Artur Asilbekovich Beterbiev ( ; born 21 January 1985) is a Russian-Canadian professional boxer. He is a unified light heavyweight champion, having held the IBF title since 2017, the WBC title since 2019 and the WBO title since 2022.

As an amateur, Beterbiev won a silver medal at the 2007 World Championships, gold at the 2008 World Cup, 2009 World Championships, as well as gold at the 2006 and 2010 European Championships, all in the light-heavyweight division. He also reached the quarter-finals of the heavyweight bracket at the 2012 Olympics.

Beterbiev is particularly known for his exceptional punching power, having won all of his professional fights by knockout or stoppage.

Amateur career
Beterbiev competed as a light-heavyweight and heavyweight in his amateur career. He won the 2006 European Amateur Boxing Championships beating Kenneth Egan and Ismail Sillakh among others. He beat Egor Mekhontsev but lost to two-time world champion Evgeny Makarenko in 2006. In 2007 he beat future unified light-heavyweight champion Sergey Kovalev in the semi-finals, and eventually beat Evgeny Makarenko in finals to qualify for the World Championships. In the finals of the World Championships he faced the little-known Abbos Atoev but lost in an upset.

At the 2008 Olympics he beat Kennedy Katende 15:3, then at the round of 16 he fell controversially to local boxer Zhang Xiaoping who went on to win the gold medal. At the 2009 World Championships, he beat young Cuban Jose Larduet and Uzbek Elshod Rasulov to claim the light heavyweight title.

At the 2011 World Championships he lost in quarter-finals to eventual winner Oleksandr Usyk by 13–17. At the 2012 Olympics he edged out Michael Hunter but lost again by 13–17 to Usyk. Both of these were in the heavyweight division.

Professional career

Early career
Beterbiev moved to Montreal to pursue a professional career. He won his professional debut via a second-round TKO over Christian Cruz at the Bell Centre on 8 July 2013. Beterbiev fought on the undercard of Jean Pascal vs. Lucian Bute, beating Gabriel Lecrosnier by TKO on the fourth round.

North American champion

Beterbiev vs. Cloud
After winning his first five professional bouts, Beterbiev would face off against former IBF light-heavyweight champion Tavoris Cloud for the vacant NABA title on 27 September 2014. After a tentative opening minute from both fighters, Beterbiev opened up and began landing powerful shots that visibly rocked Cloud.
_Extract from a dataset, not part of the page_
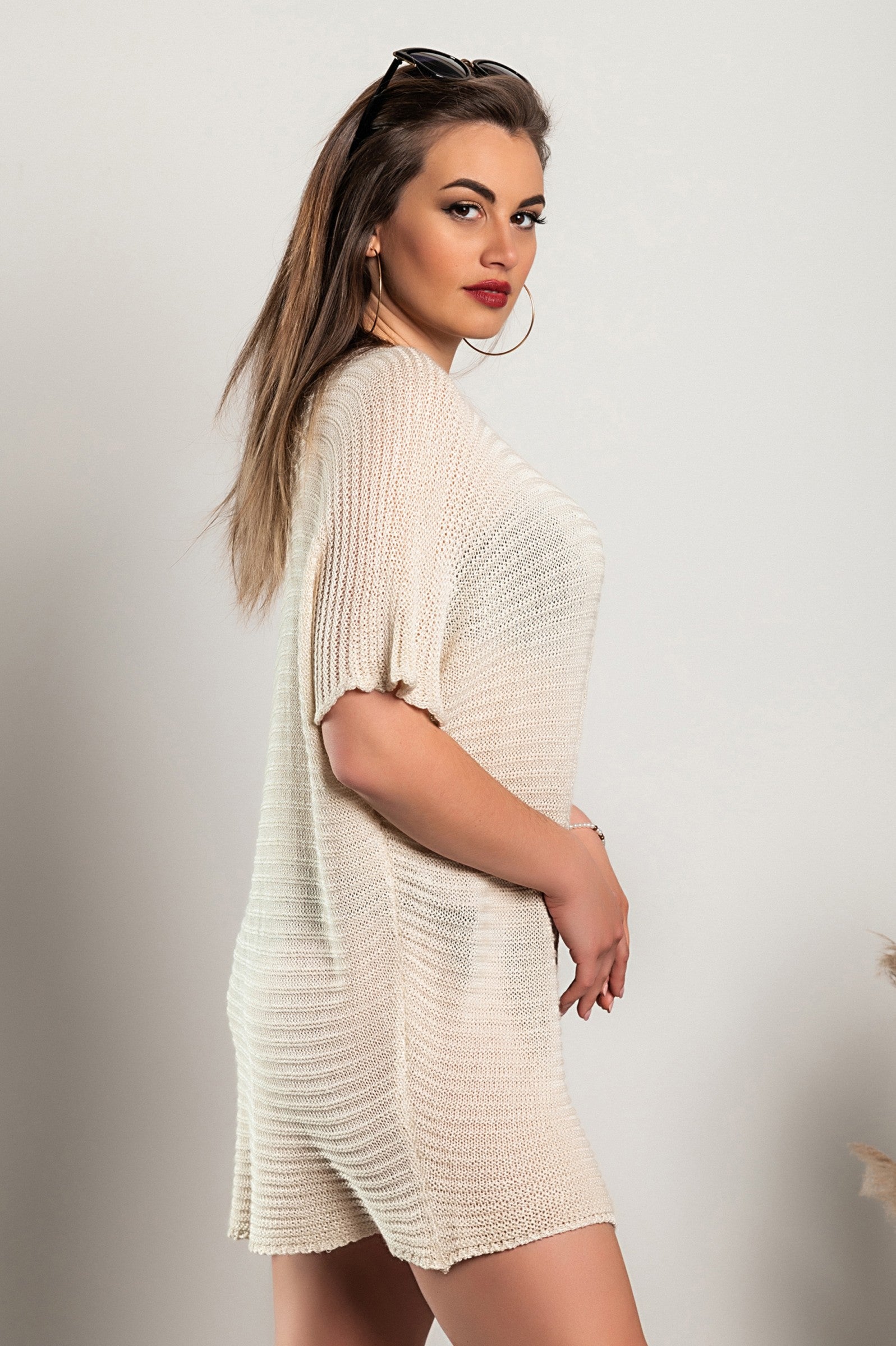 Odkrijte našo pleteno mini obleko s kratkimi rokavi v čudoviti kremni barvi, ki je popolna izbira za vsako priložnost. Ta obleka je izdelana iz lahkega blaga visoke kakovosti, kar zagotavlja udobje in prijetno nošenje skozi ves dan. Ohlapen kroj omogoča svobodo gibanja, kar je še posebej pomembno v toplejših mesecih.

In the final minute, the Russian would drop his opponent three times via combinations. Before this fight, Cloud had never been dropped in his professional career. Beterbiev would close the show in round two, landing multiple hard shots to the head that knocked Cloud out, giving Beterbiev his first title.

Beterbiev vs. Page, Campillo
In December 2014, Beterbiev stopped light heavyweight prospect Jeff Page Jr. in two rounds, winning the vacant IBF North American and NABO light-heavyweight titles. However, Beterbiev was dropped for the first time in a professional fight in the first round of the fight by a straight right to the head. "I felt a bit sleepy before the fight. I think I just lost my concentration for a fraction of a second," Beterbiev said of the knockdown.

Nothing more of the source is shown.